Thank you very much, we are also using DADA2 for our forensic microbiome pipeline.

We have done 2 x 300 Illumina sequencing for the V1-V3 (F27/R534 primers), and V3-V5 (F357/R926). As in the first post by Rahul, the length of V3-V5 is so long that we have very few reads merging. You asked him whether primers were sequenced: in our case they are too. Is it possible NOT to sequence them? I am beginning to wonder why anyone (including ourselves) would want to do Illumina PE sequencing for the V3-V5. Unless one uses a different primer set or finds a way to get an overlapping sequence.

As you recommended in Rahul's case, I see that we will also have to use only the forward reads (but that means we will probably only get V3 and partial V4). From the info in post #857 I understand that sequence length variability at V3-V4 is to be expected. In such a case, would it make sense to use minLen (eg below 100) instead of truncLen in the filterAndTrim for the forward reads?

Thank you ever so much for all your help here, you are invaluable to the field!

Natasha

[benjjneb]

Is it possible NOT to sequence them?

It is, it just depends on how the initial library is setup for the sequencer. Other very common 16S protocols, e.g. the EMP V4 protocol, do not sequence the primers.

From the info in post #857 I understand that sequence length variability at V3-V4 is to be expected. In such a case, would it make sense to use minLen (eg below 100) instead of truncLen in the filterAndTrim for the forward reads?

You should still use truncLen here. There is no worry about the opposite primer showing up at the ends of the reads, as the V3-V5 region is always longer than 300nts.

[natashaztarora]

Dear Ben,

I did not quite understand the issue with the opposite primer, may have missed something here, since we would want to use the forward reads only (for V3V5 region, given the issues merging). Most forward reads are ca. 284 bp, but some are shorter eg 175 bp, 154 bp (below)

These forward reads probably cover V3 and also partly V4 regions.

From post #857 I gather that for V3-V4, biological length variation is to be expected (JoBrz had peaks at ca. 440 and 460 bp).

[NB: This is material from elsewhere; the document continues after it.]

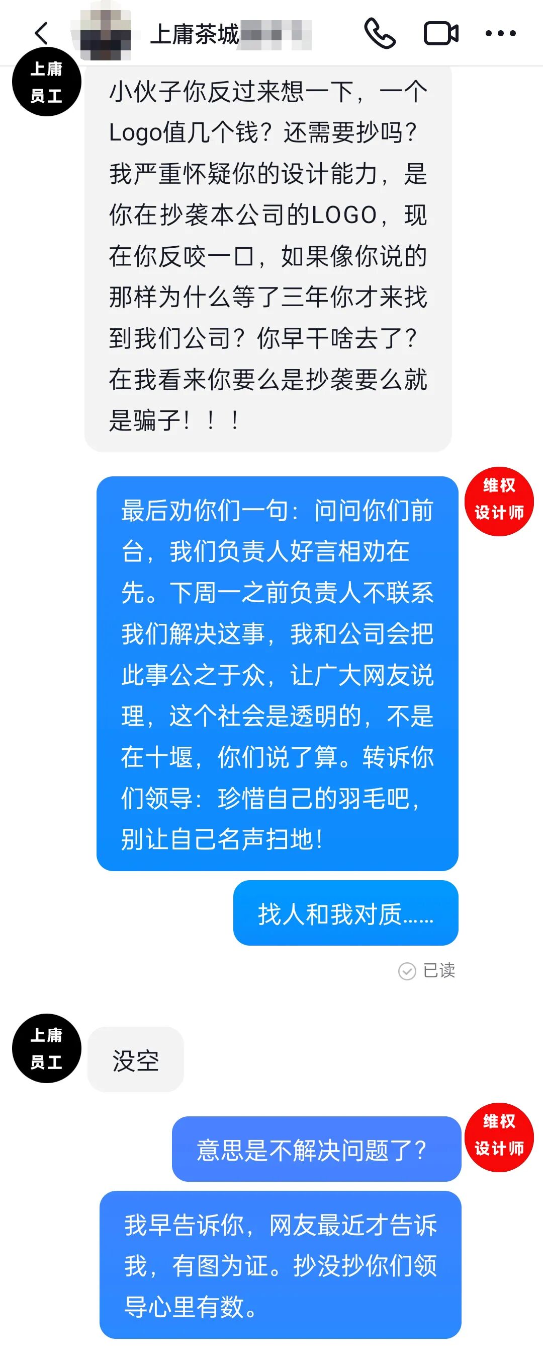 第二天,logo设计师发现上庸员工抖音上出现我们的logo,前往说理。遭到员工的抨击。

If we use truncLen won't we lose a lot of valuable sequence info? And where would we truncate anyway in such a case?

Thank you very much for your help!

[benjjneb]

@natashaztarora If the amplicon you are using is V3V5, then the amplicon should always be longer than 300 nts. Therefore, every forward read from that amplicon will contain only real DNA all the way out to the end of the read (discounting the forward primer at the start of the reads).

The question then is why you are seeing length variation in your reads at all.

What pre-processing was done on these reads between getting them off the sequencer (when presumably they were all 300 nts long) and when you are inspecting them now?

[natashaztarora]

Dear Ben, It took us a while to get back to you but we have been doing quite a bit of forensics here for this issue. To answer your question above, after obtaining the raw reads we ran Cutadapt to remove the V3V5 primers (F357/R926) and any other sequences upstream of these. We ran blastn on some of the shorter sequences and found matches with human DNA. We then also used bwa to map the reads (for a few samples) to the human genome, again finding matches. Quickly checked some of the matches and found numerous short length sequences eg 157 bp but I have not yet calculated how many are this short and how many are ca. 280 bp. I will do that and get back to you, in case there is a link.

Since I wrote to you we have been doing all kinds of other tests, comparing the results of V1V3, V3V4, V4 and V4V5. We are in the processing of establishing an SOP for microbiome forensics (different applications). To do this we have to assess which 16S rRNA gene region (and sequencing kit) is optimal (lower costs, more merged reads, etc). But also what has been used so far in larger studies such as those of the HMP. Given the extensive data available for the V1V3 and V3V5 it would be ideal if we could continue with one of these regions. However, for some reason, we get suboptimal results for the V1V3 when doing MiSeq paired end sequencing (2 x 300 bp) with the F27 and F534 primers: the qualities of the forward and reverse reads are such that we would want to truncate at 270 and 200 bp, but then we can no longer merge. So we would only be able to use the forward reads. I am unsure how others have managed to successfully sequence and merge V1V3 sequences.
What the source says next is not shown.